Head of local government of San Jose del Monte, Bulacan, Philippines

The mayor of San Jose del Monte (Punong Lungsod ng San Jose del Monte) is the head of the local government of the city who elected to three year terms. The Mayor is also the executive head and leads the city's departments in executing the city ordinances and improving public services.

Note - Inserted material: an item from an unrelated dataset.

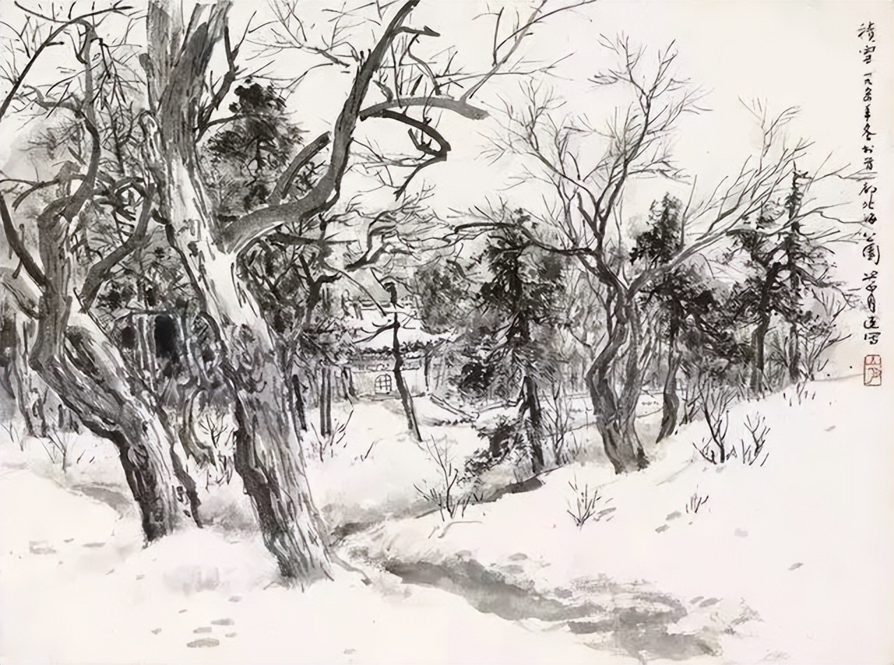 他常常带领学生深入生活,到农村、工厂、矿山写生,让学生从现实生活中汲取创作灵感。他告诉学生:“艺术不是空中楼阁,只有扎根生活,才能创作出有温度、有力量的作品。”在他的影响下,一批又一批优秀的美术人才脱颖而出,成为中国美术界的中坚力量,为岭南画派的传承与发展注入了新的活力。1978年,关山月任广东画院院长,期间创作了《井冈山罗浮水库》《红土育新苗》《革命摇篮井冈山》《雨后山更青》等作品,并参加“广东画院习作展览”。这些作品延续了他“笔墨随时代”的创作理念,以井冈山等革命圣地为背景,既缅怀了革命历史,又展现了新时代革命老区的发展变化,让红色文化通过国画艺术得以传承与弘扬。

The city mayor is restricted to three consecutive terms, totaling nine years, although a mayor can be elected again after an interruption of one term.

The current mayor is Florida Robes since June 30, 2025.

==List of mayors of San Jose del Monte==

| # | Image | Municipal Mayors | Term |
Municipality of San Jose del Monte, Bulacan (1918–2000)
| 1 |  | Ceriaco Gallardo | 1918 - 1921 |
| 2 |  | Sinforoso Avena | 1922 - 1924 |
| 3 |  | Felicano Avanceña | 1925 - 1930 |
| 4 |  | Quirico Villano | 1931 - 1936 |
| 5 |  | Felicano Avanceña | 1937 - 1939 |
| 6 |  | Jose Avanceña Appointed Mayor | 1940 - 1941 |
| 7 |  | Adriano Capa | 1942 - 1943 |
| 8 |  | Ricardo Marcelo | 1943 - 1944 |
| 9 |  | Bonifacio Inocencio | 1945 |
| 10 |  | Jose Avanceña | 1945 - 1946 |
| 11 |  | Felicano Avanceña | 1946 - 1955 |
| 12 |  | Eusebio Aguirre | 1956 - 1963 |
| 13 |  | Quirico Villano | 1964 - 1967 |
| 14 |  | Constantino Aguirre | 1968 - 1973 |
| 15 |  | Jose Guballa | 1973 - 1980 |
| 16 |  | Guillermo Robes | 1980 - 1986 |
| 17 |  | Reynaldo A. Villano | 1986 - 1988 |
| 18 |  | Eduardo V. Roquero M.D. | 1988 - 1992 |
| 19 |  | Reynaldo A. Villano | 1992 - 1995 |
| 20 |  | Eduardo V. Roquero M.D. | 1995 - 2000 |
City of San Jose del Monte, Bulacan (2000–Present)
| 20 |  | Eduardo V. Roquero M.D. | 2000 - 2004 |
| 21 |  | Angelito M. Sarmiento | 2004 - 2007 |
| 22 |  | Eduardo V. Roquero M.D. | 2007 - 2009 |
| – |  | Reynaldo S. San Pedro | 2009 |
| – |  | Angelito M. Sarmiento | 2009 - 2010 |
| 23 |  | Reynaldo S. San Pedro | 2010 - 2016 |
| 24 |  | Arthur B. Robes | 2016 – 2025 |
| 25 |  | Florida P. Robes | 2025 – present |

==See also==
- San Jose del Monte
- San Jose del Monte's at-large congressional district
- Angelito M. Sarmiento
- Eduardo V. Roquero M.D.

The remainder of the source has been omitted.